In first person and everyday language, the narrator tells of a silver-haired man in worn clothes and well-worn shoes, whom he met in a prison cell in New Orleans and who calls himself "Bojangles". The man looks back on an eventful life and seems to be in a good mood despite the predicament. To entertain those present, he dances a soft-shoe tap dance in the cell , during which he jumps high in the air and hits his heels. He says he spent fifteen years traveling the southern states, performing at minstrel shows and fairs. His only companion was a dog, which he mourns for twenty years after its death. Now he only dances for tips in honky tonk bars, but spends most of the time behind bars because he drinks. He shakes his head when a fellow inmate asks him to dance again.

Mr.

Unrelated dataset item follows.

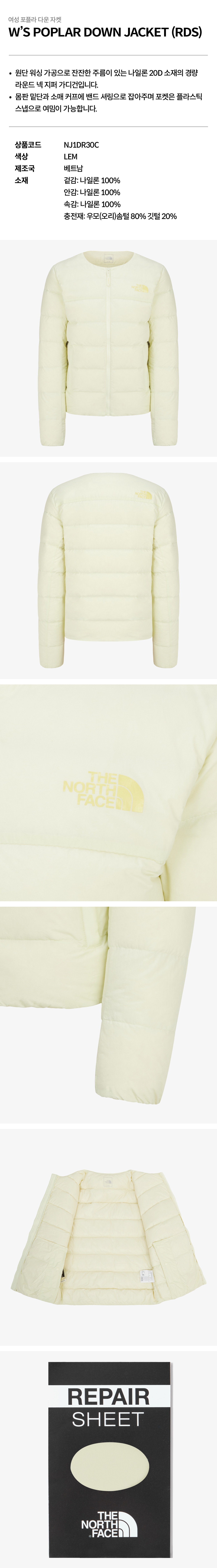 여성 포플라 다운 자켓 NJ1DR30C_LEM

Bojangles is a typical example of a song with a simple song structure that consists of a repetition of the same melody over and over again, only interrupted by a multiple hook line . That the hook line “Mr. Bojangles ”, which is also the title of the song, conjures up a dazzling figure, gives the otherwise monotonous course of the piece its special flavor, according to Dick Weissman. In his autobiography Gypsy songman , Jerry Jeff Walker describes the song as "a waltz in 6/8 time about an old man and hope" and a " love song ". It is played in a shuffle rhythm with a descending bass line . Walker wrote the piece under the influence of a reading from Dylan Thomas ' Unter dem Milchwald . Similar to how Thomas' language follows a rhythm, he let the lines emerge from the rhythm of the tap dance.

history

Jerry Jeff Walker had already written the song Mr. Bojangles when he joined the progressive rock band Circus Maximus in 1966, which he soon left due to musical differences. As a solo artist he sang the song, accompanied by David Bromberg , on a live broadcast on the New York radio station WBAI . It became a local hit, earning the singer a record deal with Atlantic Records . In 1968 his album Mr. Bojangles was released by Atco , an Atlantic sub-label. However, the song only became popular with the Nitty Gritty Dirt Band in 1970/71.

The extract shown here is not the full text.